KEA

Leaving behind the land of Attica in search of the "world of the islands", the traveller sails along in the open sea to see the westernmost inhabited Cycladic island : KEA.

The view of the barren coastal landscape, prepares for a similarly barren view of the island’s inland areas. The newcomer will therefore be surprised upon arrival in KEA (TZIA) as soon as he gets into the large safe bay of Agios Nikolaos and lands on the mole of Korissia. Inland areas of colourful vegetation with deep gullies, verdant mountains, covered in oaktrees and dotted with cottages will gradually spread before the traveller’s eyes… Among them, in a prominent position, lies Ioulis, an amphitheatrical complex of superb architecture, the mountainous community which determines with its presence the life on the island.

Discovering TZIA will ravish the restless, sensitive traveller. He will often be magnetized by a singular, almost never before experienced appeal. It seems that there is a primeval, eternal sanctity oozing out everywhere on the island… an irresistible power arising from nature and fed by an overwhelming historic past. This sanctity, as feeling or experience, for those who will appreciate the qualities of TZIA, has been reflected and included in the natural and human element of KEA for thousands of years.

The human achievements and the mystery of nature compose an unbreakable entity, illustrating a complete panorama of the "archaic lifestyle". This depiction could be compressed in the phrase "the magnificence of Kean humbleness", assuming that magnificent is what has resulted, been preserved or evolved within six millennia of civilization, stamped with the plainness as well as the self-sufficiency of life on TZIA. That is, if we consider magnificent everything on the island that has remained unchanged, pure, mystic…

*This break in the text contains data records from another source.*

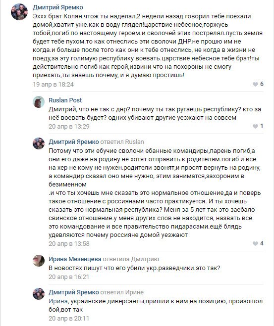 Журналист также показал фрагмент переписки в социальных сетях под фотографией уничтоженного российского наемника Николая Шелуха, являющегося уроженцем российского города Юрга. Его похоронили 23 апреля в Ханты-Мансийске.
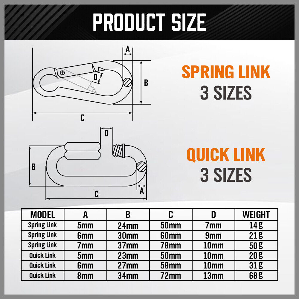 6PCS ASSORTMENT – Includes 3 quick links (5×50mm, 6×60mm, 8×80mm) and 3 snap hooks (5×50mm, 6×60mm, 7×78mm), covering multiple fastening needs.
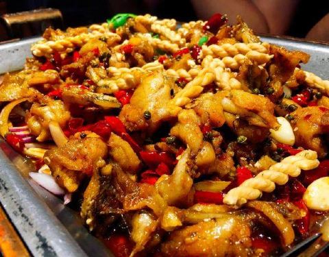大融城四楼~门口有只戴斗笠滴小蛤蟆~每次都排队人气呱呱滴~六点半到的拍了四十分钟终于得以进去~空间不大 桌与桌之间挨得很近~朋友不太能吃辣点了一个青椒紫苏口味的 量还行 蛙是小块的先过油的 配菜里面的紫...
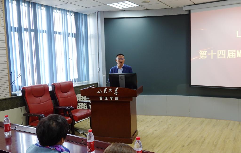 刘冰教授以“魏武挥鞭,东临碣石有遗篇,萧瑟秋风今又是,换了一届”开篇,详细阐述了MBA教育的愿景、使命、价值观,并通过介绍“MBA”的具体含义指明在校MBA学生如何实现价值与目标,M—Motivation,动机与愿景;B—Behavior,职业生涯管理;A—Achievement,收获。他指出,MBA的学生工作离不开MBA联合会的协作,山东大学MBA联合会换届是MBA教育中薪火相传的大事。MBA联合会组织各项活动,即加大了师生之间的互动,又加强了MBA学生的实践能力培养,同时加深了学生对学校的认同感、归属感,极大促进了MBA教育的发展。下一步,要继续发扬联合会在校内师生间的影响力,进一步推动山东大学MBA教育良好、有序发展,做好沟通学校、老师、学校的有效桥梁,为相关活动的顺利开展提供可靠保证。
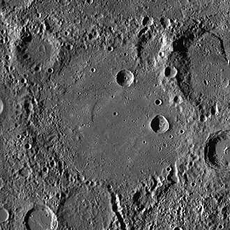 - ↑ (en) Gunter Faure et Teresa M. Mensing, Introduction to Planetary Science: The Geological Perspective, Springer Science & Business Media, (ISBN 978-1-4020-5544-7, lire en ligne), P167 The crater Ibsen (160km) has a smooth uncraterred floor suggesting that it was flooded by lava flows.

TZIA is the caring Mother showing ineffable affection towards her children… At the same time it is also the Maiden, the girl of the "just and modest sword", who reveals her hidden charms with rare discretion, on conditions that he who will dare to mate with her, should be absolutely pure… These charms are preserved with extreme care in the rustle of the leaves of a perennial oak-tree or the endless pounding of the waves against the craggy headlands, or perhaps in the broad smile of a secluded villager!